▸ **DIRECTIONS**
For the material that follows, return exactly the lines from the one with "先端だけ小さいハツ(レバーの" through the one with "Creamy natural color", both ends included.

▸ **INPUT MATERIAL**

+ + +

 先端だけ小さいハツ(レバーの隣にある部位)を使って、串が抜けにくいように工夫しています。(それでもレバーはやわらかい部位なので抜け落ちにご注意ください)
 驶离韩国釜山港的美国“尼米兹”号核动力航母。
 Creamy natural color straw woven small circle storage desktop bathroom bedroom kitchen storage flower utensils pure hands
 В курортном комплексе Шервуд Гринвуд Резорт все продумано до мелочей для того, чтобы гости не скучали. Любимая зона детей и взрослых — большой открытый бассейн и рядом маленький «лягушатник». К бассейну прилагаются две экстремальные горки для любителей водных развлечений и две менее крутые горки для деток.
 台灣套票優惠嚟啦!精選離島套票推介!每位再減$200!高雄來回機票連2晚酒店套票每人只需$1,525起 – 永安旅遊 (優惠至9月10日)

+ + +

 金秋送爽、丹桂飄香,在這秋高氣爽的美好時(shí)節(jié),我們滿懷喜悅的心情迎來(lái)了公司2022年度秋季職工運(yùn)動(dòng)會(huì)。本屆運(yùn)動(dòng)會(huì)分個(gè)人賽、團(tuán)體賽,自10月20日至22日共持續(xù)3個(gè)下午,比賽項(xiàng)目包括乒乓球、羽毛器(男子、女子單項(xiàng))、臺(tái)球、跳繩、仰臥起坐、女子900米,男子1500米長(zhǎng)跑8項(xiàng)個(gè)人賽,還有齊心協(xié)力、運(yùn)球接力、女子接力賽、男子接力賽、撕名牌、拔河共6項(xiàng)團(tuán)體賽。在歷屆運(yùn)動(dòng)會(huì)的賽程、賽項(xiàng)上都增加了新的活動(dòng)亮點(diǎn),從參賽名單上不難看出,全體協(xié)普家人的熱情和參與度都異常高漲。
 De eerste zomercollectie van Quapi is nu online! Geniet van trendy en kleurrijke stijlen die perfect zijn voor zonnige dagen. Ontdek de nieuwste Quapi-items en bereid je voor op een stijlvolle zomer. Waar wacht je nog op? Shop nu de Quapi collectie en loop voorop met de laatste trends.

+ + +

▸ **ANSWER TO THIS PROBLEM**
 先端だけ小さいハツ(レバーの隣にある部位)を使って、串が抜けにくいように工夫しています。(それでもレバーはやわらかい部位なので抜け落ちにご注意ください)
 驶离韩国釜山港的美国“尼米兹”号核动力航母。
 Creamy natural color straw woven small circle storage desktop bathroom bedroom kitchen storage flower utensils pure hands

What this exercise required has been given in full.